● REQUIRED ACTION: What is needed is an exact repetition of the lines from the first one in the data through the line with "Pack de cinco", with no pictures.

● SOURCE MATERIAL:
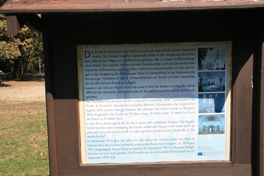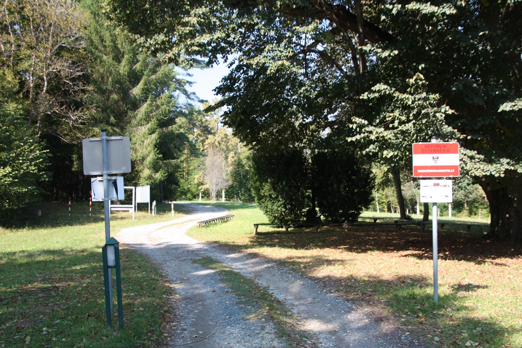 Über Kleinmürbisch fuhr ich dann durch Inzenhof und weiter auf einem Feldweg, der schließlich in einen kilometerlangen Schotterweg durch den Wald überging, bis ich Google Maps zusätzlich neben dem Navi konsultierte, ob der Weg noch richtig sei. Es war richtig und nach einem weiteren Kilometer öffnete sich der Wald und nach einem kleinen Parkplatz stand ich direkt an der Grenze und dahinter lag die schon erwähnte Kirche, die Wallfahrtskirche St.Emmerich.
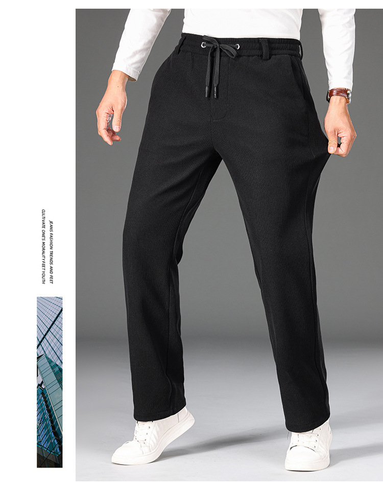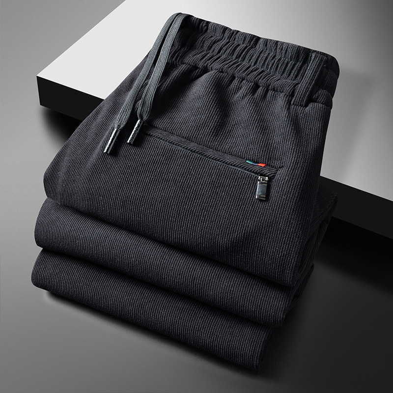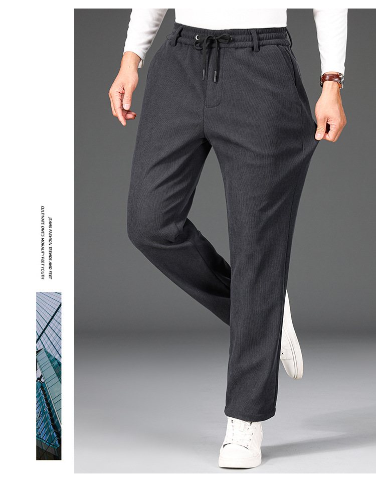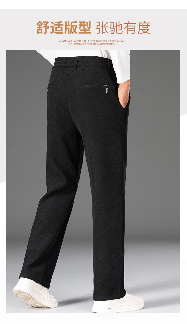 남자의 가을과 겨울 새로운 기모 두꺼운 탄성 허리 탄성 코듀로이 캐주얼 바지 스트레이트 남자 바지
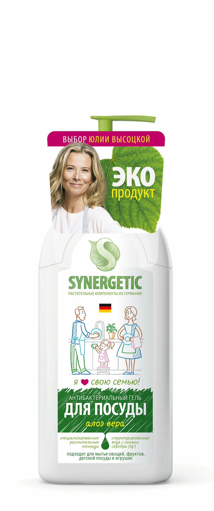 Synergetic Антибактериальный гель для мытья посуды Алоэ вера с дозатором, 0.5 л, 0.5 кг
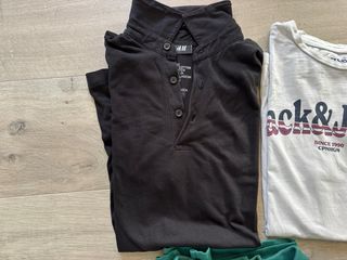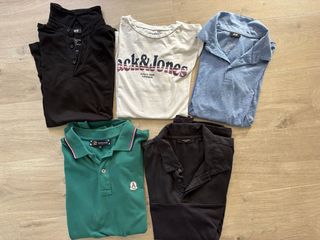 Pack de cinco camisetas variadas. - Polo negra H&M. - Camiseta blanca Jack & Jones. - Camiseta azul H&M. - Polo verde. - Polo negro Jack & Jones.
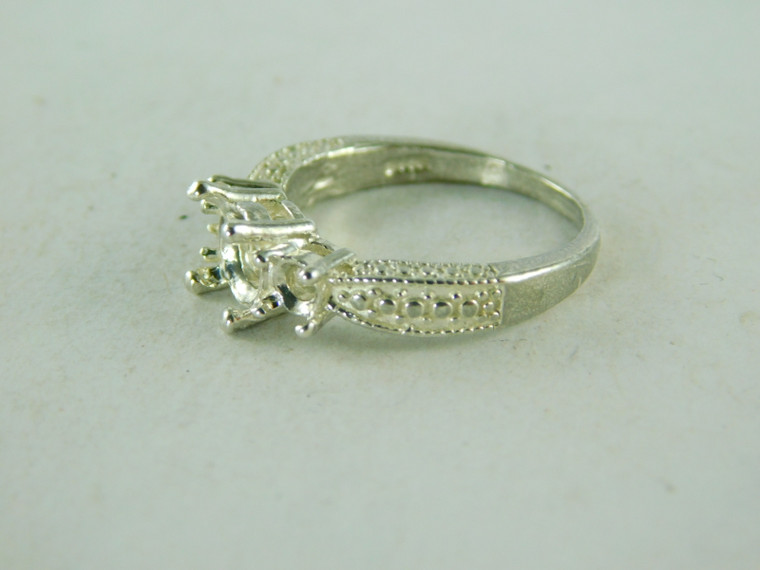 - 6414 STERLING SILVER RING SETTING, 3 STONE, 1 - 6.5 MM & 2 - 3.5 MM ACCENTS ROUND FACETED GEMSTONE, SIZE 8.25
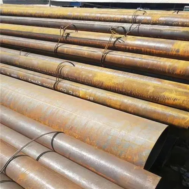 合肥gb3087无缝钢管要用钢锭或实芯管料经破孔制成毛管,随后经热扎、冷轧或冷拨制成。合肥gb3087无缝钢管在中国钢管业中具备重要的位置。据不完全统计,我国目前无缝管生产公司约240多家,无缝管机组约250多套,年产能力约450多万吨。从规格看,合肥gb3087无缝钢管的原料是圆管坯,圆管胚要经过切割机的切割制作成长短约为1米胚料,并经输送带送至溶炉内加温。钢坯被送进溶炉内加温,温度约为1200℃。燃料为氢气或乙炔。炉内温控是关键性的难题.圆管坯出炉后要经过压力穿孔机开展穿空。一般较常见的穿孔机是锥形辊穿孔机,这类穿孔机生产效率高,产品品质好,破孔扩径量多,可穿多种钢种。破孔后,圆管坯就先后被三辊斜轧、连轧或挤压。挤压后应脱管定径。定径机根据锥形钻头高速运转入钢胚打孔,产生钢管。钢管内径由定径机钻头的直径长短来决定。钢管经定径后,进入冷却塔中,根据喷水冷却,钢管经冷后,就要被校直。钢管经校直后由输送带送往金属探伤机(或压力试验)进行内部探伤。若钢管内部有裂痕,气泡等问题,将被检测出。钢管质检后还要通过严格手工选择。钢管质检后,用漆料喷上编号、规格、生产日期等。并由吊车吊入仓库里。
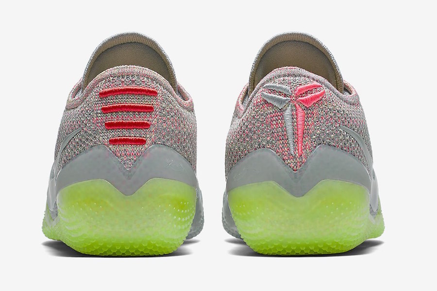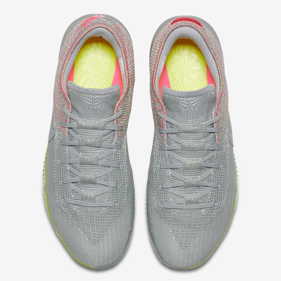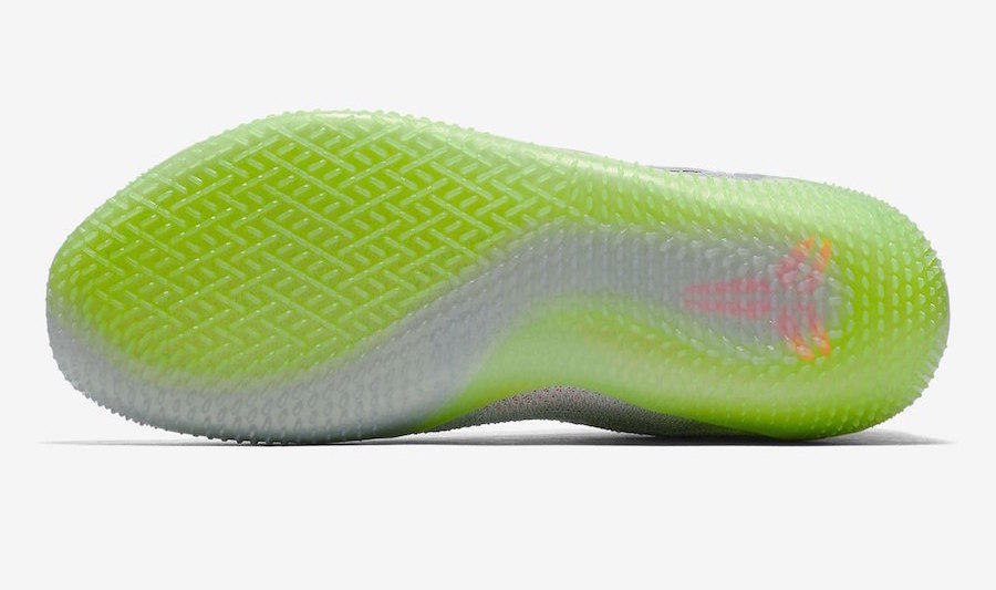 On ne reviendra pas sur le design général du modèle, les Kobe AD NXT 360 ayant déjà fait leur preuve sur ce sujet avec un look très Black Mamba avec sa tige basse. Logique me direz-vous. En ce qui concerne cette version, la partie supérieure en Flyknit est donc grise comme dit juste au-dessus. Mais ce qui caractérise ce coloris, c’est que cette base qui pourrait être terne est complétée par de nombreux détails dans des teintes plus flashy. On notera bien évidemment la semelle extérieure translucide d’un jaune-vert électrique qui saute immédiatement aux yeux. Si le Swoosh sur les panneaux latéraux reprend le gris clair tout comme le logo fourreau sur la languette, les autres éléments sont plus colorés, à l’instar des graphiques au-dessus du talon entre rouge et rose selon le pied. Un ton rosé qui apparaît également sur le Flyknit de l’arrière de la chaussure ainsi qu’à l’intérieur des pompes puisque la semelle reprend cette couleur ainsi que le vert-jaune présent sous les groles.

● YOUR SOLUTION:
 Über Kleinmürbisch fuhr ich dann durch Inzenhof und weiter auf einem Feldweg, der schließlich in einen kilometerlangen Schotterweg durch den Wald überging, bis ich Google Maps zusätzlich neben dem Navi konsultierte, ob der Weg noch richtig sei. Es war richtig und nach einem weiteren Kilometer öffnete sich der Wald und nach einem kleinen Parkplatz stand ich direkt an der Grenze und dahinter lag die schon erwähnte Kirche, die Wallfahrtskirche St.Emmerich.
 남자의 가을과 겨울 새로운 기모 두꺼운 탄성 허리 탄성 코듀로이 캐주얼 바지 스트레이트 남자 바지
 Synergetic Антибактериальный гель для мытья посуды Алоэ вера с дозатором, 0.5 л, 0.5 кг
 Pack de cinco camisetas variadas. - Polo negra H&M. - Camiseta blanca Jack & Jones. - Camiseta azul H&M. - Polo verde. - Polo negro Jack & Jones.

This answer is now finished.